Therefore, how to reduce the complexity of time synchronization when the terminal is switched from the sleep mode to the normal operating mode, and further reduce the complexity and power consumption of the system of the terminal becomes a problem that needs to be solved at present.

Disclosure of Invention

In order to solve the above problems, the clock frequency compensation method, the system, the electronic device, and the chip provided by the present invention determine the clock frequency compensation value of the terminal entering the next mode through the error compensation value and the automatic frequency control tracking value of the terminal in the current mode, and can compensate the clock frequency of the next mode, so that the time synchronization complexity can be reduced when the terminal is switched from the sleep mode to the normal operation mode in the next mode, and the complexity and the power consumption of the system of the terminal can be further reduced.

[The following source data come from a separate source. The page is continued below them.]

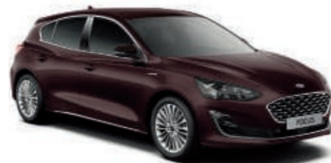
Dark Berry spezielle Metallic-Lackierung*
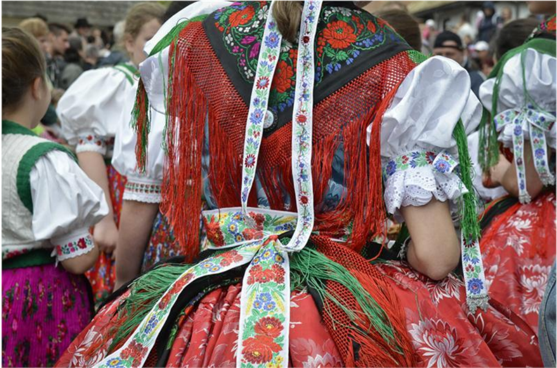
Matyó népviselet
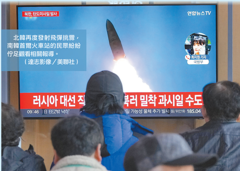
北韓再度發射飛彈挑釁，南韓首爾火車站的民眾紛紛佇足觀看相關報導。

為參與美韓外長會、提早於 17 日抵達的美國務卿布林肯，18 日出席民主峰會時，批評獨裁者和專制政權利用科技破壞民主和人權，並宣示美方將與南韓並肩合作，以堅決態度回應北韓挑釁舉措，並強調將進一步攜手盟友強化嚇阻力量，維護朝鮮半島的和平穩定局勢。
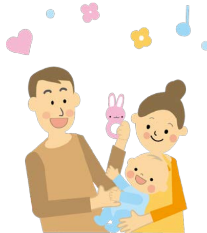
— 男性の育児休業取得率の変移 —

1992年に育児休業法が施行されて以降、育児休業は、女性だけでなく、男性も取得できるようになりました。男性の育児休業が広く周知されるようになり、育児休業制度を利用する男性も増えていきます。厚生労働省の7月26日の発表によると、2013年10月1日～2014年9月30日の1年間に配偶者が出産した男性の内、育児休業を開始した男性の割合は2.65%で、調査開始以来過去最高の数値を記録しました。10年前からのデータを見てもその割合は少しずつ増えてきており、女性だけでなく男性も育児休業を取得する風土ができてきているように感じます。
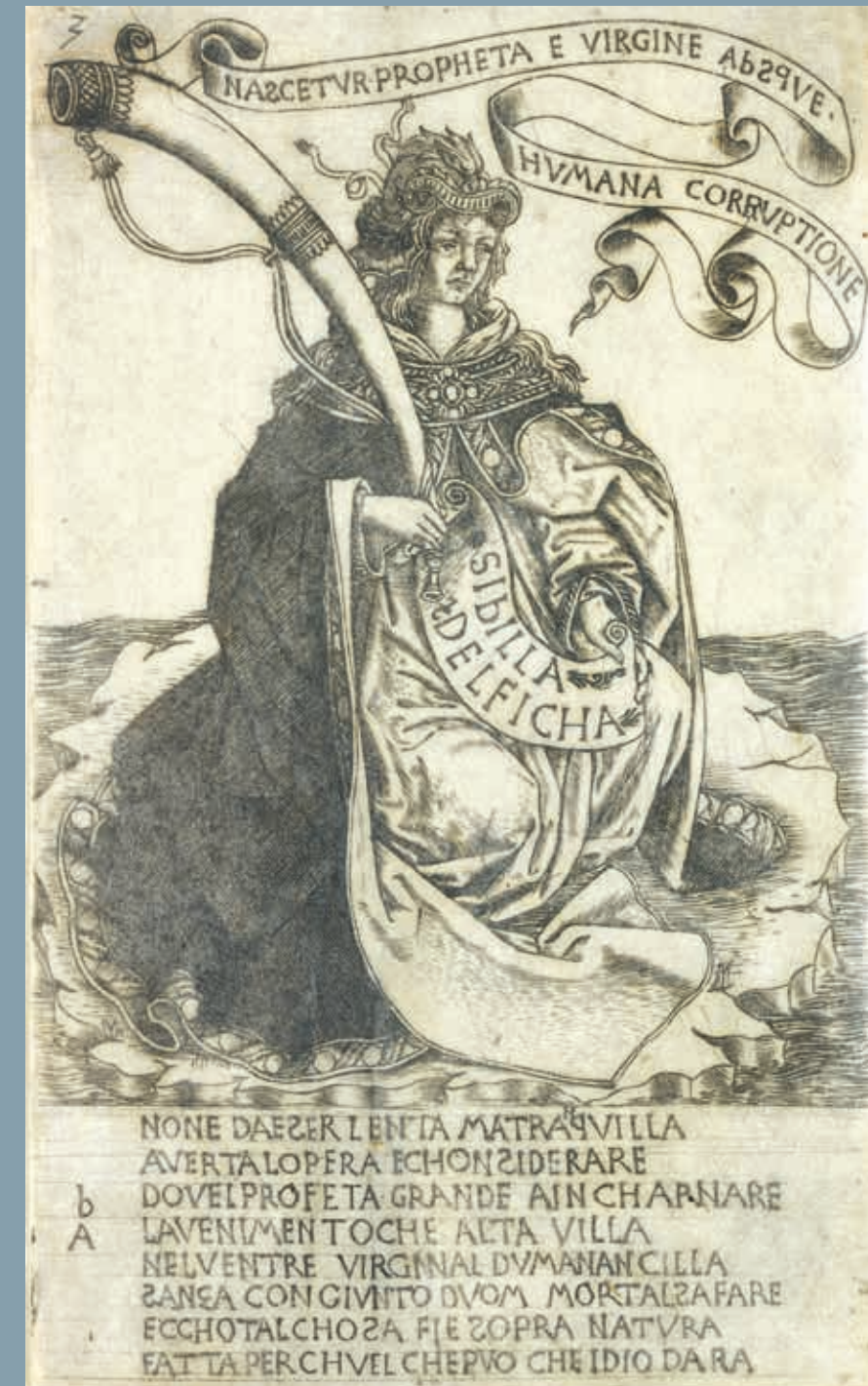
Fig. 82 Baccio Baldini, Sibylle Delphique , vers 1470, gravure, h. 17,8 cm, l. 10,7 cm, Paris, musée du Louvre, collection Rothschild, n° inv. 3752 LR/recto.

tout son corps, lui remplissant le cerveau de fureur devineresse » 2 . De fait, outre ses fonctions de dieu du soleil, de la musique et de la poésie, c'est aussi son rôle oraculaire que véhiculent les textes de la Renaissance. Cette dimension prophétique, si elle est moins prégnante dans l'iconographie d'Apollon à l'époque moderne, est néanmoins diffusée autour de la représentation de quelques lieux : Delphes avec la Pythie et Cumes avec sa Sybille, qui incarnent le pouvoir divinatoire d'Apollon, le mont Parnasse* consacré au dieu et aux neuf Muses*. Apollon est volontiers figuré comme principe d'harmonie : il est celui qui met en relation les arts et les sciences et unit terre et ciel, à l'exemple de la carte XX des tarots dit de Mantegna (fig. 51) 3 . Dans ce tarot, le dieu ferme la série consacrée aux Muses, suivie de celle des arts libéraux et des sciences ; il est assis entre deux cygnes, les pieds posés sur une sphère céleste et terrestre. Outre cette sacralisation des arts attachée à l'iconographie oraculaire, les artistes représentent souvent à des fins exemplaires ou idéologiques un épisode qui symbolise le pouvoir purificateur d'Apollon : son combat contre le serpent Python*.

In a first aspect, the present invention provides a method for clock frequency compensation, comprising:

acquiring a time deviation value;

calculating an error compensation value according to the time deviation value, the sampling rate of the terminal in the current mode and the dormancy duration of the terminal in the last mode, wherein the current mode is a normal working mode, and the last mode is a mode in which the terminal is converted into the dormancy mode;

determining a clock frequency compensation value of the terminal entering a next mode according to the error compensation value and an automatic frequency control tracking value of the terminal in the current mode, wherein the next mode is a sleep mode;

and compensating the clock frequency of the terminal in the next mode according to the clock frequency compensation value.

Optionally, the step of calculating the error compensation value according to the time offset value, the sampling rate of the terminal in the current mode, and the sleep duration of the terminal in the previous mode includes:

calculating a scale factor through the product of the sampling rate of the terminal in the current mode and the sleep duration of the terminal in the last mode;

and calculating an error compensation value according to the reciprocal of the scale factor and the time deviation value.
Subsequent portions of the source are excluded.